"Deanotations", one of my all-time favorite subscribed newsletters, is putting out its last issue. Dean Blehert has published it semi-monthly for the last 15 or 20 years, and his wife, Pam Coulter, has illustrated each issue with simply amazing line drawings.
The last one is on its way to me, so says Dean. There will be no more.
Dean tells me it is the end but I don't want to believe it.
I've got a file of Deanotations that goes back to the last ice age, or so it seems. It has been growing at glacial speed no matter where or how many times I've moved in the last 20 years. After this, it will be getting no thicker. When I die (some unthinkable time in the distant future) whoever has the task of weeding through my papers will undoubtedly toss the folder, thinking it of no value. How wrong they will be!
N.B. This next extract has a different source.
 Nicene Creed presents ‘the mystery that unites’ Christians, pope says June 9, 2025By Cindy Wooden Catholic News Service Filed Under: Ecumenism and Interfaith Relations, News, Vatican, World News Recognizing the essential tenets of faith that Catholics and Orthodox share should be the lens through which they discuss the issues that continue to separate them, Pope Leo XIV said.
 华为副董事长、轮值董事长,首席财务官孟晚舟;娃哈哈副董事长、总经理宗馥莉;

Deanotations was usually filled with "light", funny, touching poems - Dean is a master of puns and palindromes, sestinas and limericks - he can do it all well.
I like the space he makes for readers - it is a fun place with wide horizons where people play tricks on you and you can fall down dead and spring up again like the much-abused Roadrunner.
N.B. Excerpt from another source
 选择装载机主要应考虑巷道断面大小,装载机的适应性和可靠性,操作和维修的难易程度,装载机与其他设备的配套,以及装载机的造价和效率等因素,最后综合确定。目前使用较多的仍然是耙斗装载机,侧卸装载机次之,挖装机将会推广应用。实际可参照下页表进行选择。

He's moving on, says Dean.
I find I want to stow away with him to wherever Dean is going.
When I was reading more today from The Genius of Haiku, which is a condensed version of the works of R.H. Blyth, this section reminded me of Blehert's gentle humor, so ably expressed in his poems:
The fundamental thing in the Japanese character is a peculiar combination of poetry and humour, using both words in a wide and profound yet specific sense. "Poetry" means the ability to see, to know by intuition what is interesting, what is really valuable in things and persons. More exactly, it is the creating of interest, of value. "Humour" means joyful, unsentimental pathos that arises from the paradox inherent in the nature of things. Poetry and humour are thus very close; we may say that they are two different aspects of the same thing. Poetry is satori; it is seeing all things as good. Humour is laughing at all things; in Buddhist parlance, seeing that "all things are empty in their self-nature", and rejoicing in this truth.